Во второй главе «Мир “неподлинного” бытия в дооктябрьском творчестве
Ремизова»
рассматриваются
особенности
художественного
мира
дореволюционных рассказов писателя в аспекте их близости экзистенциальной
трактовке человеческого бытия. Содержание первого параграфа «Константы
образа тюрьмы как символа “неистинного” существования» составляет анализ
ряда «сквозных» образов и мотивов, посредством которых автор создает образ
Мира-тюрьмы.
По Ремизову, мир «неподлинного» бытия подлежит неизбежному
саморазрушению. Эта идея в художественном сознании писателя получает
воплощение посредством мотива пыли («Пожар», «Серебряные ложки», «Занофа» и
др.). В
отличие от русских декадентов (Ф.Сологуба, Д.С.Мережковского,
В.Я.Брюсова и др.), которые соотносят пыль с хтонической природой мира
(инертной, неживой материей), Ремизов видит в пыли один из постоянных
атрибутов Мира-тюрьмы (См.: «В плену», «Казенная дача» и др.).

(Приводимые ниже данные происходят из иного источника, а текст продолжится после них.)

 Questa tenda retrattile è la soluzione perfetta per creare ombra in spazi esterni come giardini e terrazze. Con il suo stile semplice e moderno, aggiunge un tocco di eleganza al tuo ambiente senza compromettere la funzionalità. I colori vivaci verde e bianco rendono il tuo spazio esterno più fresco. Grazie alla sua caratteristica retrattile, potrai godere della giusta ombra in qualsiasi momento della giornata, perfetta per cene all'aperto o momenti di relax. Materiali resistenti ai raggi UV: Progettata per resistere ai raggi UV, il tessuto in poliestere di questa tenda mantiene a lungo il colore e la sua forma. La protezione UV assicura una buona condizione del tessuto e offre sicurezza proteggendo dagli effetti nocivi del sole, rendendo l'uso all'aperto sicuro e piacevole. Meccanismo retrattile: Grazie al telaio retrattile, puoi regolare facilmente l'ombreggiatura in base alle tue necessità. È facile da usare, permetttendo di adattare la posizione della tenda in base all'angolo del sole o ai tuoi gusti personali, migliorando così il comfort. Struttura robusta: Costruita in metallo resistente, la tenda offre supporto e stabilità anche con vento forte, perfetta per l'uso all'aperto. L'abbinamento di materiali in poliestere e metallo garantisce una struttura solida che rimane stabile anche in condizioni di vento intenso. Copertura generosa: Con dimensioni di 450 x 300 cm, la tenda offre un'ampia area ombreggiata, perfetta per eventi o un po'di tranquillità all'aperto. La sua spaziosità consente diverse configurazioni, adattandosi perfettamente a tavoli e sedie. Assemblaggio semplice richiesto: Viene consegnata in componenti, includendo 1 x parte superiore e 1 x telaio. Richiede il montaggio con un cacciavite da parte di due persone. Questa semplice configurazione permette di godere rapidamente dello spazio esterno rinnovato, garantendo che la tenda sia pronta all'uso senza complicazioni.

Знаком невозможности обретения свободы в ранних произведениях Ремизова
выступает камень («В плену», «Крепость», «Казенная дача», «Крестовые сестры» и
др.). Символизируя препятствия на пути героя к экзистенции, этот мотив в
дооктябрьских рассказах автора отражает идею враждебности мира «неистинного»
существования по отношению к человеку.
Одним из субдоминантных свойств неподлинного бытия является
непроницаемость его границ и непознаваемость (абсурдность). Мира-тюрьмы, за
пределы которого человек не может вырваться, во многих рассказах Ремизова
обозначает стена. Как знак отчуждения человека от мира, мотив стены в раннем
творчестве писателя соотносится с аналогичным образом в творчестве А. Камю
(«Посторонний») и Ж.-П. Сартра («Стена»).

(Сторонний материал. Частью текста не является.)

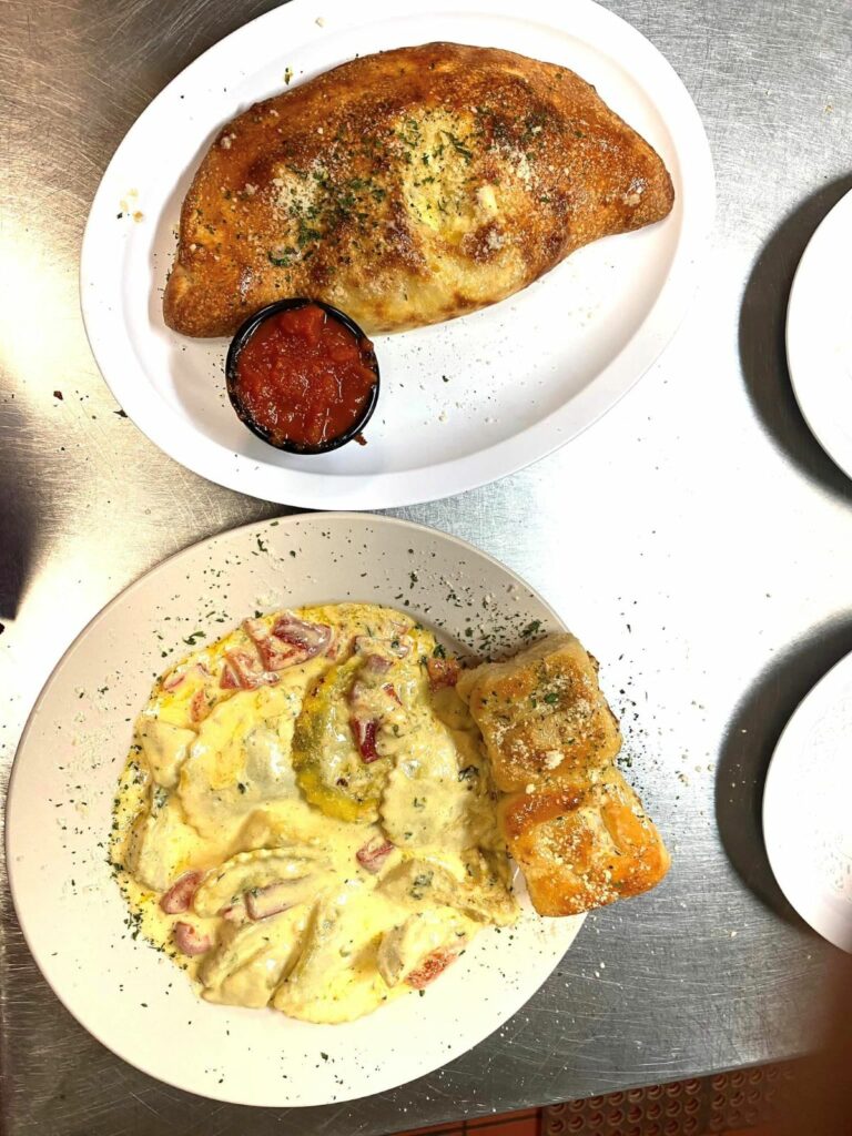 The menu also features calzones and pizzas, as well as desserts like baklava, cheesecake, tiramisu and cannoli.

Мысль об онтологической неупорядоченности (неустойчивости) человеческого
существования в раннем творчестве Ремизова связана с мотивом «запутанного»
Лабиринта, в котором человек обречен на вечные поиски гармонического единства
(«Святой вечер», «Жертва», «Суд Божий», «Эмалиоль», «Неуемный бубен»,
«Крестовые сестры» и др.) Эти представления соотносимы с постулируемой
Шестовым идеей утраты человеком системы ориентиров (см.: «Апофеоз
беспочвенности»).
Чувство затерянности («заброшенности») одинокого человека во Вселенной и
ощущение безнадежности от осознания бесплодности поисков выхода из Миратюрьмы передается во многих дореволюционных произведениях Ремизова
посредством мотива бесконечности. Этот мотив в ранних рассказах писателя
выступает еще одной вариацией идеи «дурной бесконечности», бесперспективности
жизни («Новый год», «Суд Божий», «Крепость», «Эмалиоль» и др.)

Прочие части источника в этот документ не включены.